Pourquoi la région arabe doit se préparer à la «maladie X» ou à la prochaine pandémie

  • L’OMS et les responsables de la santé ont appelé à l’élaboration d’un traité sur les pandémies afin que le monde puisse mieux se préparer aux futures épidémies
  • Les États du Golfe s’en sont mieux sortis que la plupart des autres pays lors de la pandémie de Covid-19, mais les experts estiment qu’il reste des leçons à tirer

DUBAÏ: Lorsque la pandémie de Covid-19 a été déclarée en mars 2020, les gouvernements du monde entier ont été pris au dépourvu. N’ayant pas eu à faire face à une urgence sanitaire de cette ampleur depuis des générations, les États ont dû se démener pour protéger leurs populations et leurs économies.

Maintenant que la vie a repris son cours après des années de distanciation sociale, de restrictions aux déplacements et de perturbation du commerce, les experts mondiaux de la santé appellent les gouvernements à se préparer à la prochaine pandémie, sinistrement surnommée la «maladie X».

La simple mention de la «maladie X» — x étant le symbole algébrique de l’inconnu — lors du Forum économique mondial (WEF) de cette année a suscité la panique sur les réseaux sociaux, les gens ayant pris l’hypothétique avertissement au pied de la lettre.

Les experts ont exprimé leur inquiétude quant à la probabilité d’une nouvelle pandémie à l’avenir. (Photo, AFP)
Les experts ont exprimé leur inquiétude quant à la probabilité d’une nouvelle pandémie à l’avenir. (Photo, AFP)

Le ministère saoudien de la santé a été contraint de publier un communiqué pour apaiser les craintes concernant l’apparition d’une nouvelle épidémie, précisant que la «maladie X» n’était qu’un nom provisoire émis par l’Organisation mondiale de la santé (OMS) pour évoquer l’éventualité d’une future pandémie.

Le ministère a également souligné que les mises en garde de l’OMS et des scientifiques ne visaient qu’à promouvoir une meilleure préparation mondiale face aux menaces nouvelles et émergentes pour la santé publique.

«Chaque année, le message récurrent est que l’homme est vulnérable aux épidémies en raison de sa coexistence avec de nombreux virus et germes», indique le ministère.

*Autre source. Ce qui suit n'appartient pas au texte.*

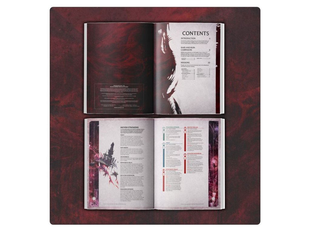 – The Maelstrom: Lair of the Tyrant – Raid and Ruin – 48stránková vázaná kniha s narativní kampaní, ve které můžete získat moc a kořist v Maelstromu, a také s misemi pro hraní proti sobě – najdete zde 12 misí Incursion, deset misí Raid and Ruin a dvě mise Mayhem.
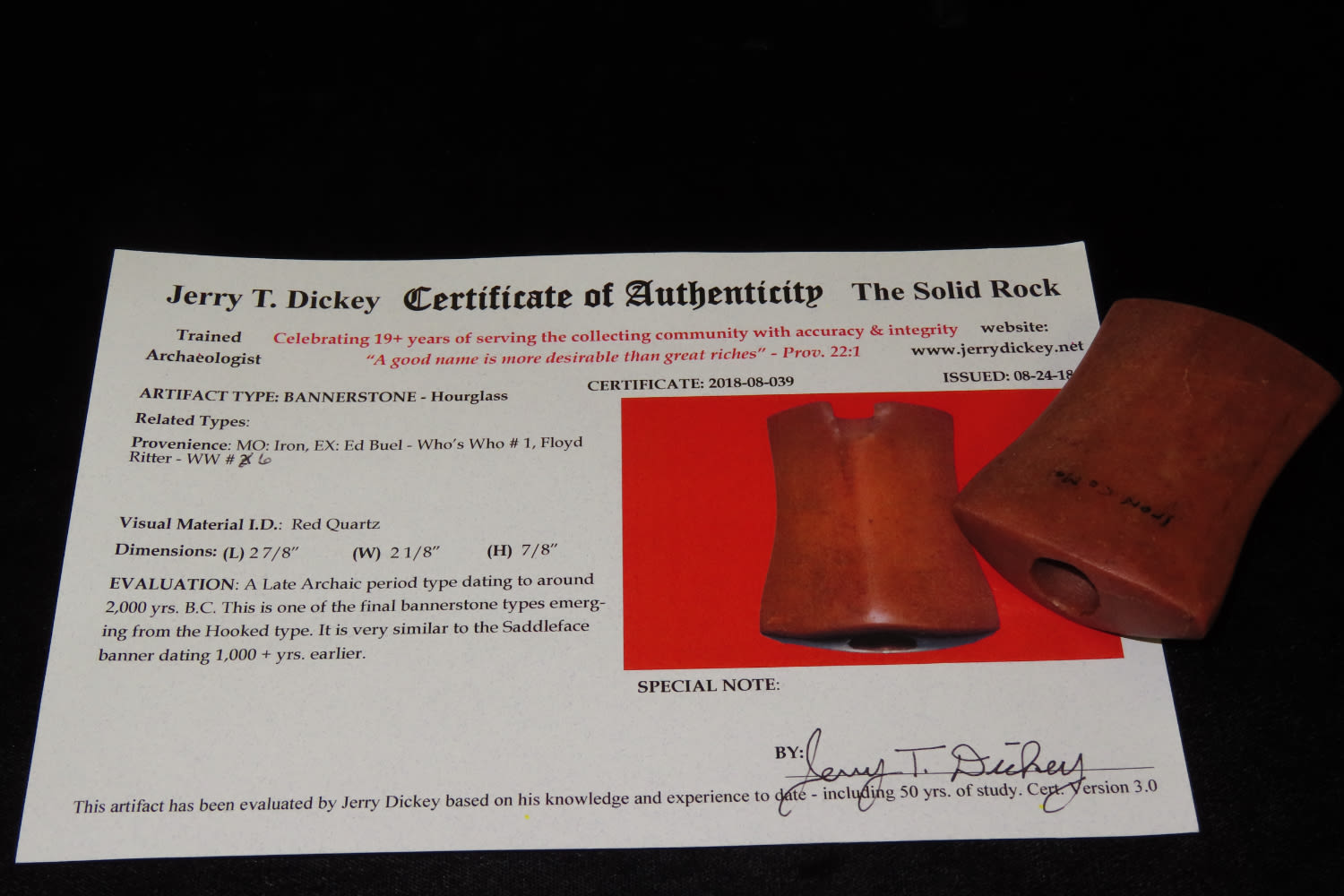 2 7/8″ Red Quartz Hourglass Bannerstone Dickey COA Found in Iron County Missouri Ex Ed Buel Pictured in Who’s Who #1. Floyd Ritter WW #6
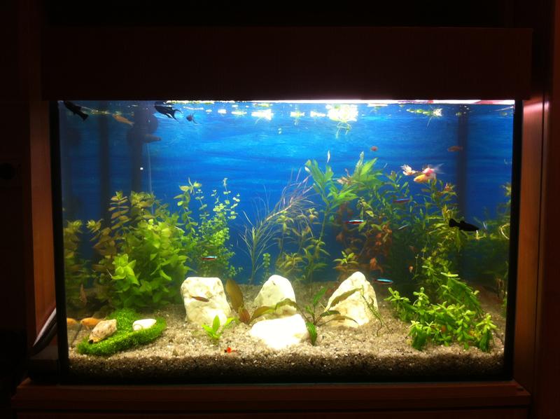 За фото не судите строго, так как запустился аквариум только в Понедельник и уже в Субботу туда перебралось всё населения и был подключён фильтр.
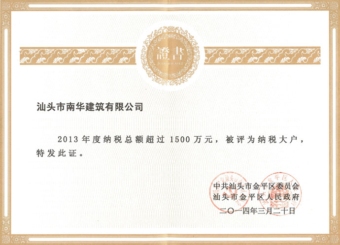 2014年度納稅大戶證書
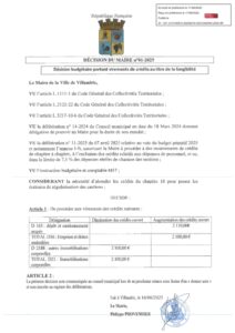 - Décision budgétaire portant virements de crédits au titre de la fongibilité
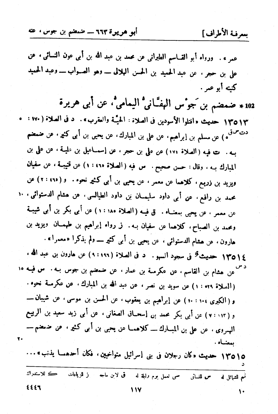 س فيه (الصلاة 529: 1) عن سويد بن نصر، عن عبد الله بن المبارك، عن عكرمة نحوه، و (الكبرى 104: 10) عن إبراهيم بن يعقوب، عن الحسن بن موسى، عن شيبان - و (113: 7) عن أبي بكر محمد بن إسحاق الصغاني، عن أبي زيد سعيد بن الربيع الهروي، عن علي بن المبارك - كلاهما عن يحيى بن أبي كثير، عن ضمضم - بمعناه.
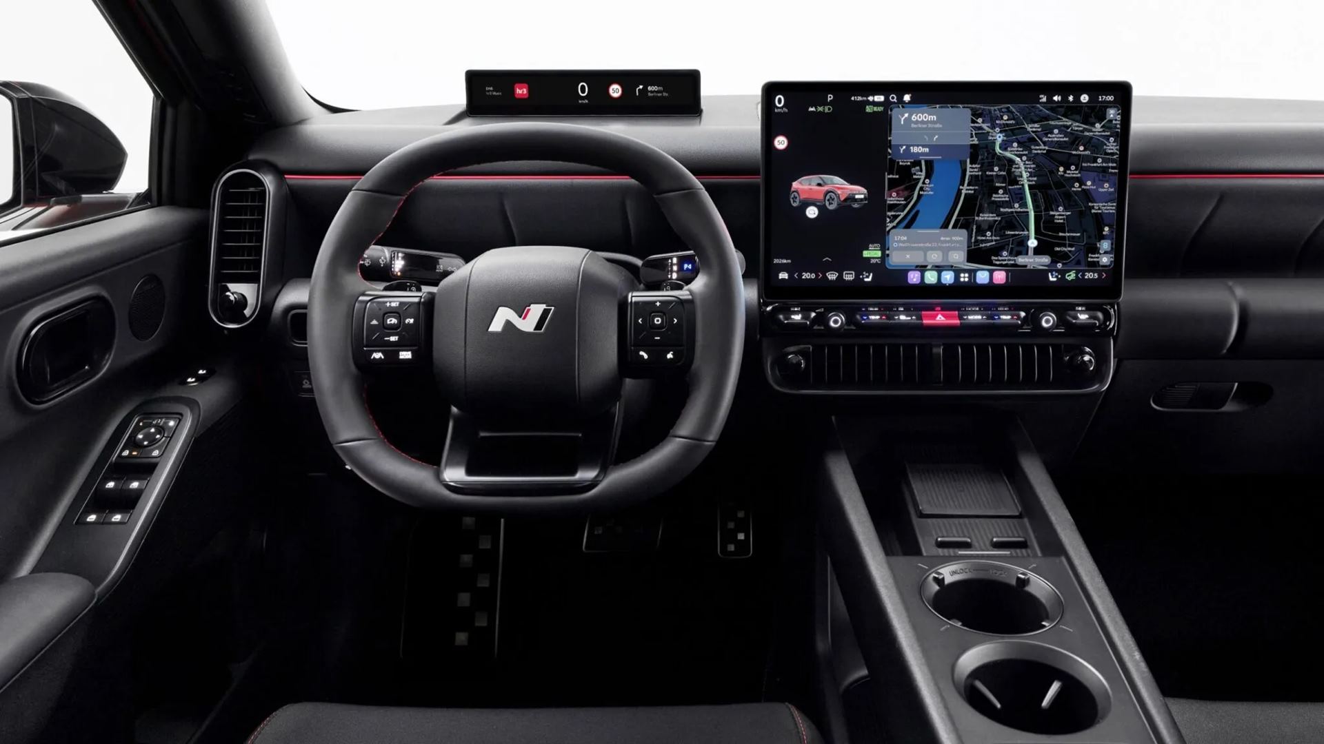 Por dentro também o Hyundai Ioniq 3 é exótico, seu painel tem estilo minimalista com linhas horizontais e que também devem dividir opiniões, o painel de instrumentos é composto por uma pequena tela colocada separada acima do painel, contrastando com a tela gigante de 14,6 polegadas da central multimídia no cetro do painel.
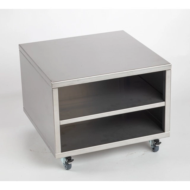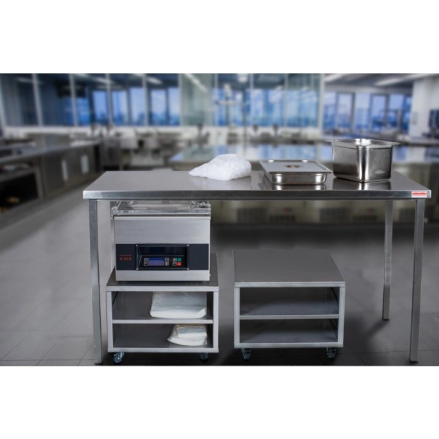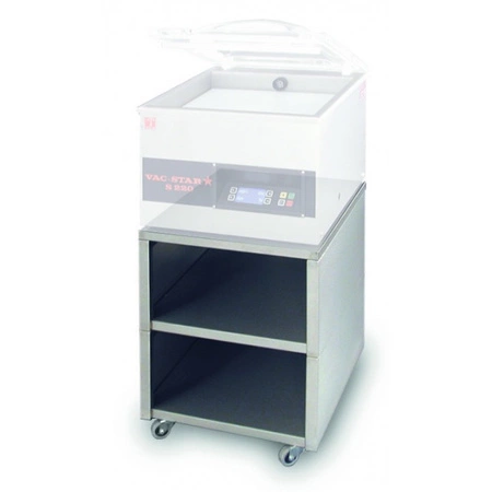 Základna je celá vyrobena z vysoce kvalitní nerezové oceli (CNS), která zaručuje trvanlivost, odolnost proti korozi a snadné čištění. Konstrukce je vybavena čtyřmi otočnými kolečky, z nichž dvě jsou opatřena brzdami, což umožňuje volný pohyb jednotky a její stabilitu během používání. Vestavěný úložný prostor poskytuje další prostor pro uložení příslušenství, jako jsou vakuové sáčky nebo nářadí.
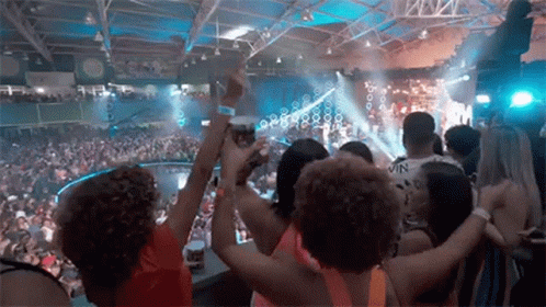 Fans cheer and raise their hands at a lively Vou Pro Sereno concert, enjoying the show.
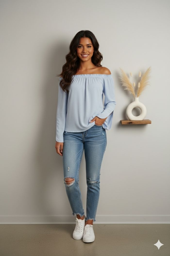 Ce joli haut au épaules dénudées et ses manches originales à fentes ouvertes est prêt à faire des envieuses
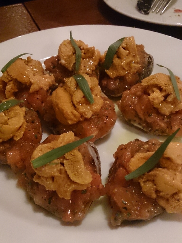 軍艦巻き!?ってくらいたっぷりな雲丹にブルスケッタっぽいトマトとぷりっぷりなハマグリ。
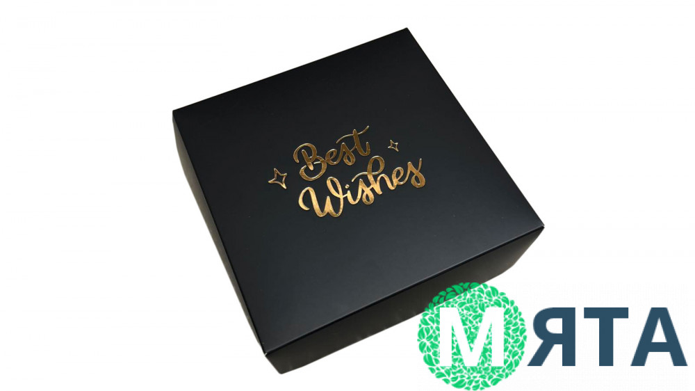 Чорна коробка 15х15х6 із золотим тисненням Best Wishes
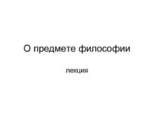 О предмете философии лекция Организационные вопросы

En effet, même si les experts de la santé n’annonçaient pas l’émergence d’une nouvelle maladie sinistre, ils exprimaient leurs inquiétudes quant à la probabilité d’une autre pandémie à l’avenir, une pandémie qui pourrait être encore plus mortelle que la Covid-19 et à laquelle le monde n’est toujours pas préparé.

«Si et quand cela se produit, cela pourrait causer la mort et la dévastation», affirme le Dr Fabrizio Facchini, pneumologue consultant à l’hôpital Medcare Al-Safa de Dubaï, à Arab News.

Selon lui, les microbiologistes et les épidémiologistes craignent l’émergence d’un nouveau virus qui aurait un impact similaire à celui de la grippe espagnole mortelle de 1918-1920.

La Covid-19 a tué environ 7 millions de personnes et en a infecté 700 millions. (Photo, AFP)
La Covid-19 a tué environ 7 millions de personnes et en a infecté 700 millions. (Photo, AFP)

Pour mettre les choses en perspective, la grippe espagnole, ou «grande grippe», a tué environ 50 millions de personnes et infecté environ un tiers de la population mondiale.

En comparaison, la Covid-19 a tué environ 7 millions de personnes et en a infecté 700 millions en date de janvier 2023, d’après les chiffres de l’OMS. La pandémie a été officiellement déclarée terminée en mai de la même année, bien que le virus continue de se propager.

«En définissant cette menace potentielle comme la “maladie X”, on veut donner la priorité aux préparatifs visant à faire face à une maladie pour laquelle il n’existe pas de vaccins ou de médicaments et qui pourrait provoquer une épidémie ou une pandémie importante à l’avenir», explique le Dr Facchini. 

EN CHIFFRES

50 millions — Décès dus à la grippe espagnole, qui a infecté 33% de la population mondiale (1918-1920).

 

7 millionsDécès dus à la Covid-19, qui a infecté 700 millions de personnes dans le monde (en date de janvier 2023).

 

Source : OMS, CDC

Deux ans après le début de la pandémie, l’OMS attribue environ 1,4 million de décès au Moyen-Orient et en Asie à la Covid-19. Si certains pays de la région s’en sont sortis mieux que d’autres, les experts estiment qu’il y a encore des leçons à tirer pour les futures épidémies.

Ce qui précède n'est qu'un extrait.